It’s the £4.9bn takeaway bid
Cash offer move to thwart Just Eat deal
MEALS delivery firm
Just Eat is at the centre of a bidding war after receiving a surprise new £4.9billion cash offer.
The company had already agreed a merger with Dutch rival Takeaway. com.
But investment firm Prosus is aiming to scupper that deal with a cash bid working out at 710p a share.
Shares in Just Eat soared by nearly 25 per cent to 732p yesterday as a result.
Just Eat’s board has rejected the Prosus offer, claiming it “significantly undervalues” the company. But Prosus is now appealing directly to the shareholders.
Just Eat and another competitor, Deliveroo, have built up booming businesses from shaking up the takeaway industry.
Deliveroo’s bosses have been handed more than £20million in potential shares amid reports it could be lining up a possible £3billion stock market listing.

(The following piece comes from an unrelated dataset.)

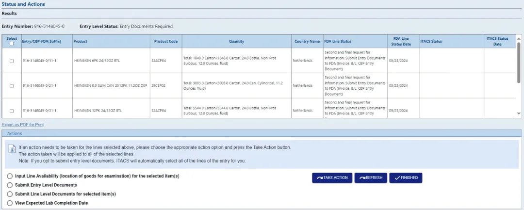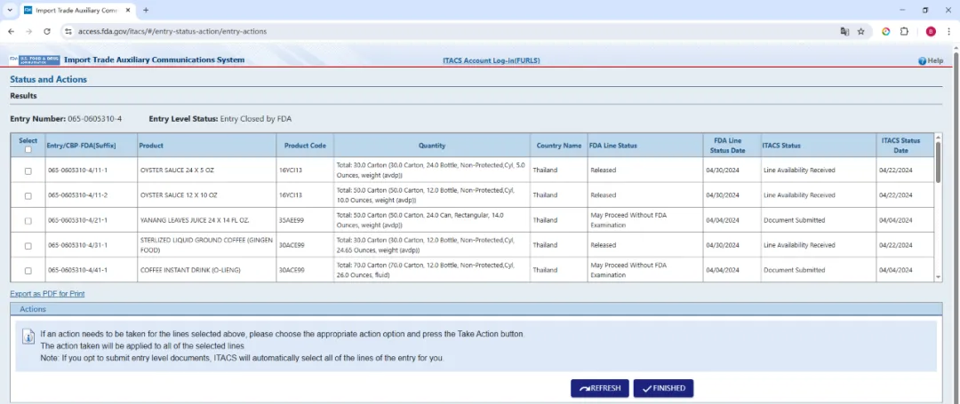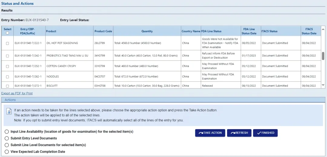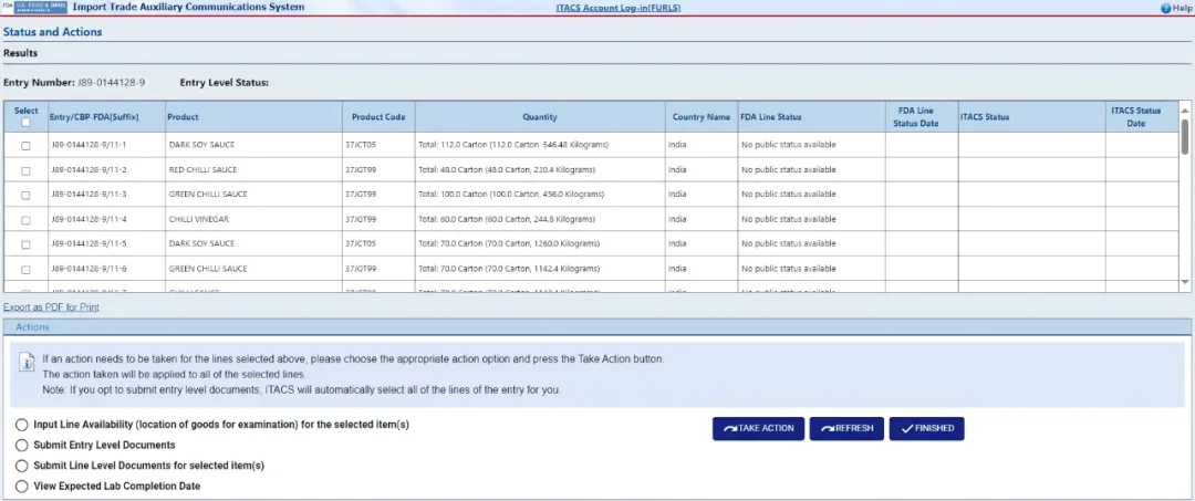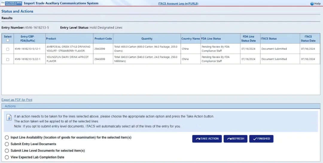 进口贸易辅助通信系统(ITACS)FDA Entry 状态查询,提交文件和可用性信息
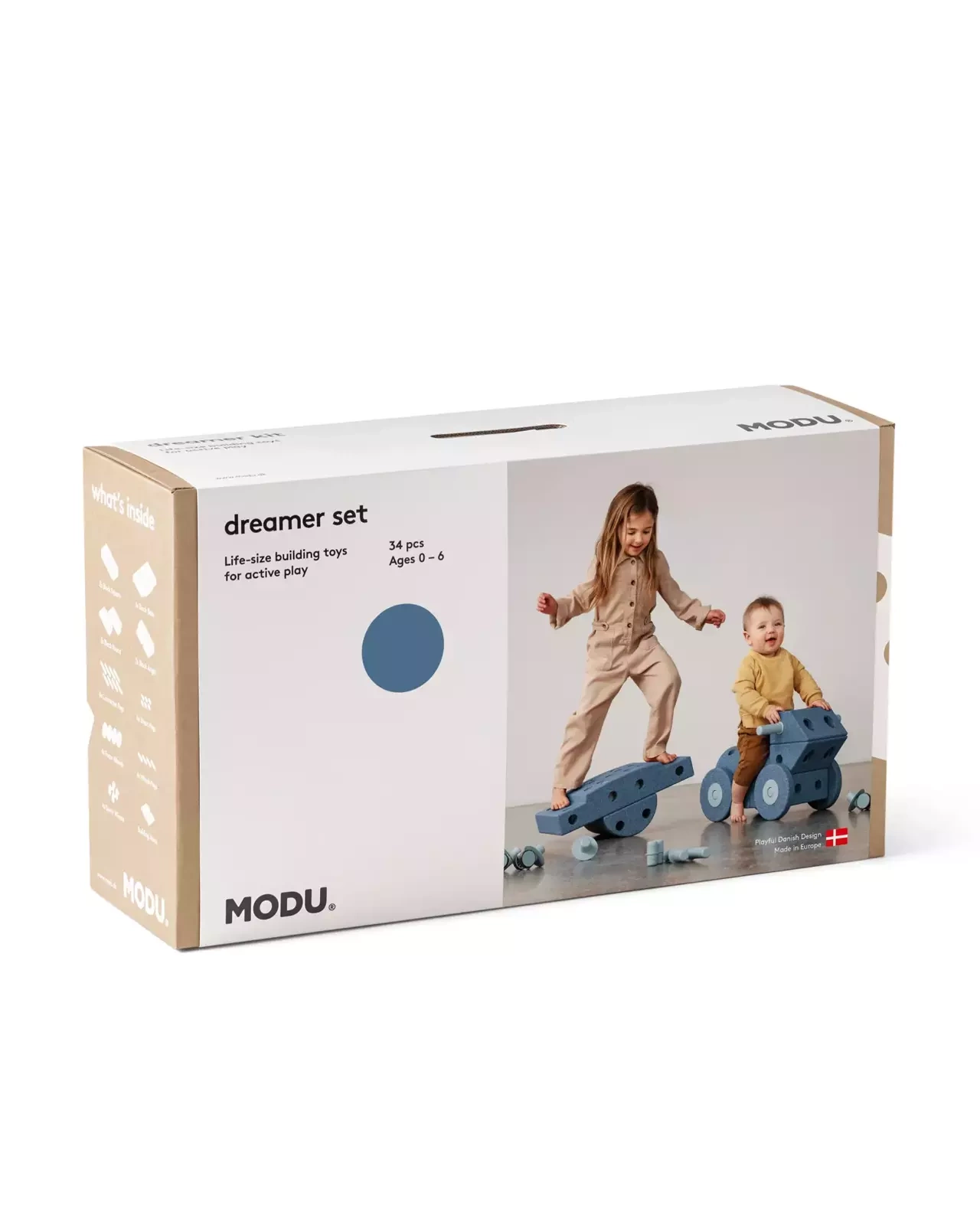 - MODU Dreamer set - Kreatywne klocki rozwijające motorykę dużą gwarantują super zabawę dla dzieci i dorosłych. Rozwijają zdolności motoryczne. Jeździk, deska balansująca, aut, mebelki - z MODU zbudujesz wszystko. Materiał w 100% do recyklingu.

The proposed tie-up between Just Eat and Takeaway.com would create a £9billion combined business.
Prosus already has big investments in food delivery companies in Latin America, India and elsewhere in Europe.
Bob van Dijk, its chief executive, said: “We believe our global experience and resources can help Just Eat to achieve its significant potential.”
Chris Beauchamp, chief market analyst at online trading firm IG, said: “The response from the share price suggests a bidding war is now in play, potentially sending the share price back towards the 900p high we saw in early 2018.”